_TASK DATA:_

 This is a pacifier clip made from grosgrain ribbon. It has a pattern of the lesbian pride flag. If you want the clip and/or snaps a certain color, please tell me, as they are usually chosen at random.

* * *

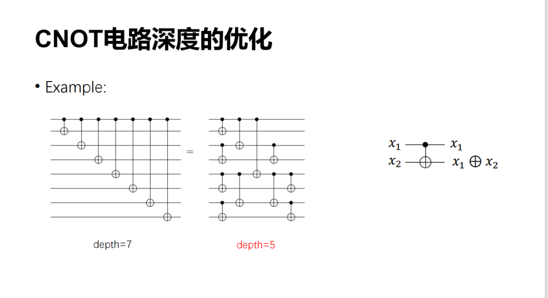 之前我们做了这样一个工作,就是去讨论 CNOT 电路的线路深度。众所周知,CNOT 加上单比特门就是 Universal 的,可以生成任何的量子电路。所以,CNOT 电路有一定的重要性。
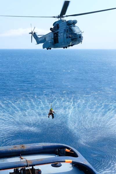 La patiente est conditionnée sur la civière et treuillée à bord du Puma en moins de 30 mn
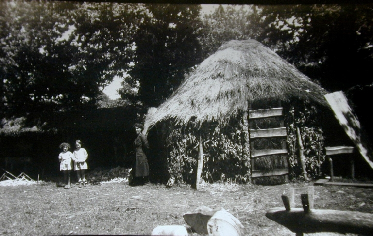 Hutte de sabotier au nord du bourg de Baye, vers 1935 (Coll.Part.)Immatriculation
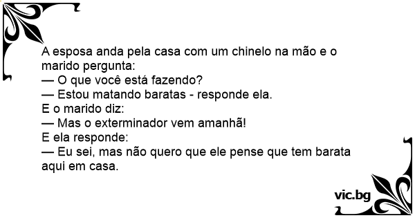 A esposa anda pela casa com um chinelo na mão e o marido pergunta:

_YOUR ASSIGNMENT:_
Pictures in the material above should be skipped; print exactly the lines from the one with "Hutte de sabotier" through the one with "A esposa anda".

_PROBLEM SOLUTION:_
 Hutte de sabotier au nord du bourg de Baye, vers 1935 (Coll.Part.)Immatriculation
 A esposa anda pela casa com um chinelo na mão e o marido pergunta:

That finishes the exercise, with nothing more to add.